Ton Miras Neira, far left, said community health workers provide culturally competent and financially beneficial care, often ensuring treatments are successful where they otherwise might fall short. (Submitted)
TOPEKA — As a deaf-blind interpreter in Spain, Ton Miras Neira found a need for more health workers focused on empowering and understanding underrepresented communities.
So when Neira came to the United States in 2012, he began a career as a community health worker — frontline public health workers who are either trusted community members or have an unusually close understanding of those they serve. Miras embedded himself within hospitals, working in the emergency room, but he would also spend time with patients in their homes, building a rapport and developing more competent care plans.
Neira, who works as a community health worker project manager at the University of Kansas Medical Center, said this can ensure treatments are successful where they otherwise might fall short.
“Sometimes it’s like (doctors) don’t understand why their client is being compliant with the medication for diabetes but the outcomes are not good, and as the community health worker, you go to the house and you see that they are still drinking sodas or they are not working,” Neira said. “No provider or no staff, medical staff that is inside the hospital or clinic, is going out in the community to do that.”
This year, the Kansas Department of Health and Environment announced a new certification for these health workers, the first in the state to recognize the role they play in linking communities to health and social services. Development of the certification involved more than 40 members of the Kansas Community Health Worker Coalition and lasted five years.
“Having a certification process for CHWs is key to expanded career options and future opportunities,” said Stefanie Olson, KDHE CHW section director, when announcing the certification.
KDHE said a Certification Task Force was created out of the need to investigate paths for certification and started in the coalition’s Sustainability Committee.
To be eligible, residents must have a high school diploma or equivalent, although some exceptions may be made. They must also complete one of two pathways — an education pathway involving the completion of a KDHE-approved training program and a work experience pathway demonstrating 8,000 hours over three years of volunteer experience.
“As we see validation of CHWs through the certification process, more groups like the Governor’s Commission on Racial Equity and Justice will recognize the role that community health workers can play in addressing long-standing health disparities and improving health equity, and improving access to education and economics,” said David Jordan, president of United Methodist Health Ministry Fund.
Jordan said community health workers have been used since the 1960s, so they are not a new provider, but they’ve been used in different ways at the community level.
Treva Smith, a care coordinator for KC CARE Health Center, touted the move as a major step in bringing Kansas to the forefront of this issue of culturally competent care.

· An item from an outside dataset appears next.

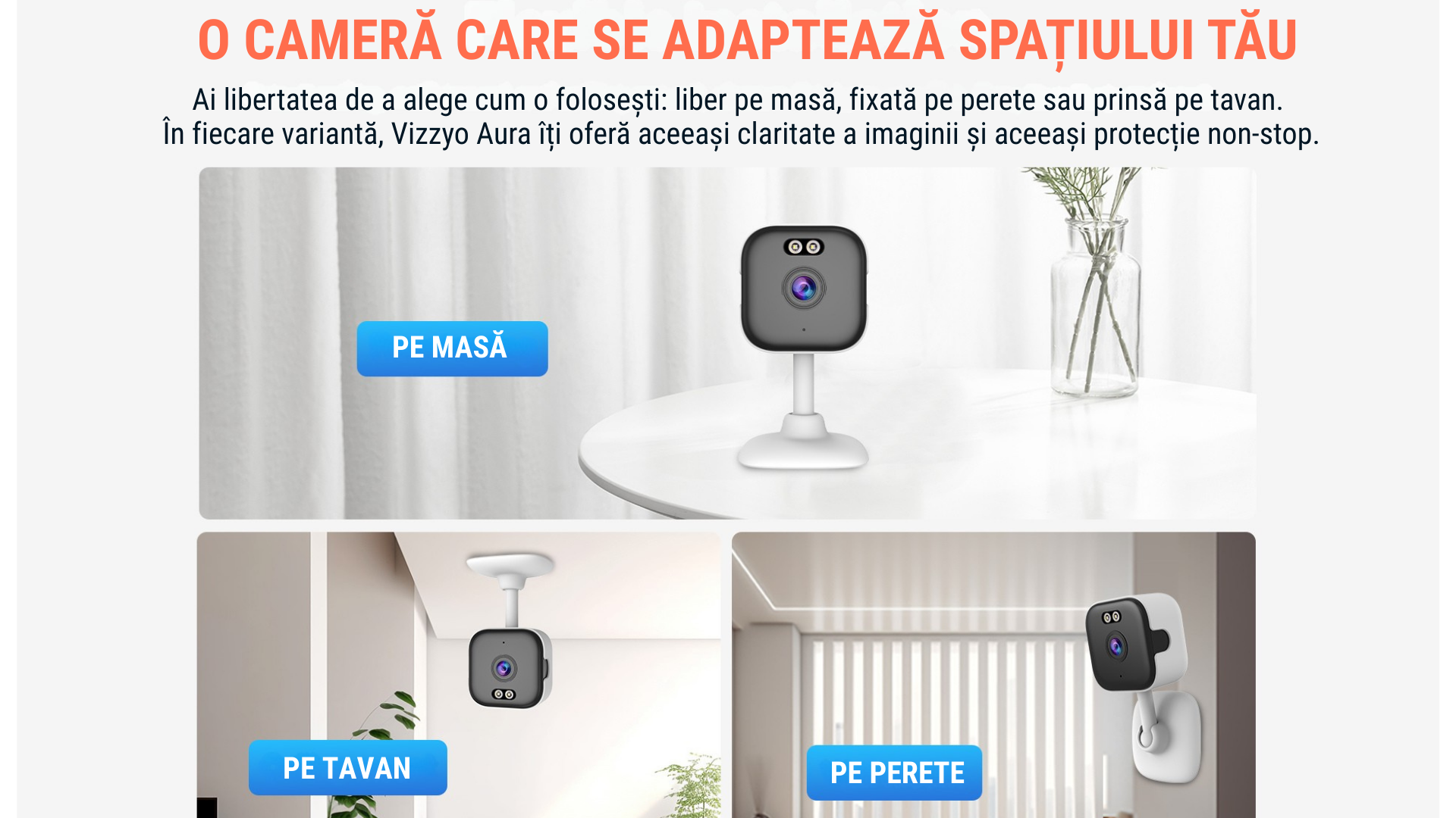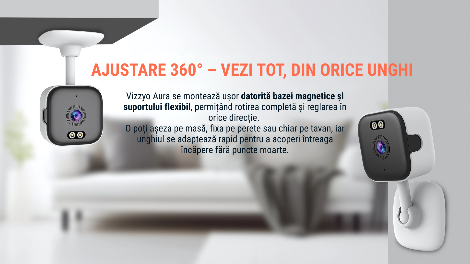 Indiferent dacă vrei să supraveghezi livingul, camera copiilor, biroul sau un mic magazin, Vizzyo Aura se integrează perfect în orice decor. Poți să o așezi discret pe o comodă sau pe un raft, să o montezi pe perete pentru un unghi clar sau pe tavan pentru o acoperire mai amplă – suportul magnetic și prinderea flexibilă îți permit să alegi rapid poziția ideală.

“The certification and education piece are huge, and so I’m very proud to say that Kansas is right up there in the top five, at least 10 for sure, of states that are making headway with the community health workforce,” Smith said.
Cultural competency and financial benefits
Smith saw firsthand the benefits of culturally competent care in a previous role with the Kansas Breastfeeding Coalition. In some cultures, people do not even consider breastfeeding, she said.
“Introducing something that is fairly simple for women and has such huge health benefits is magnificent,” Smith said. “Safe Sleep is another one. We just do what we’ve always done or what we’ve seen done, but when you can talk to someone and really take that time with them, help them understand and provide them the resources that they need to get it done, that is a game changer.”
By embedding in local hospitals and health centers, community health workers can connect the dots and address dilemmas of culture, bridging the gap between the health system and clients, Smith said.
Neira said ensuring proper representation among CHWs is the first step he and his team take at KU Med, where they have almost 60 health workers across Kansas. Before they hire anyone, they check the demographics of different countries and conduct interviews based on the uniqueness of the community they are looking to serve.
“We have one CSW in Finney County who comes from the Afghanistan community, and we have CHWs who are Latino, and we have CHW representing the African American community,” Neira said. “If you don’t have that, you are not addressing the cultural barrier.”
Beyond cultural benefits, community health workers can also provide financial relief for the state by taking pressure off emergency systems, providing increased primary and preventive care and better chronic disease management. A 2020 University of Penn study found for every dollar invested in community health workers has a return on investment of $2.47.
“They’re also saving individual providers money because they’re able to make sure that they provide that really important community level connection to patients that don’t exist within the four walls of their clinic or their hospital, which is really what’s driving the fact that Americans are so dissatisfied with the health system,” Jordan said.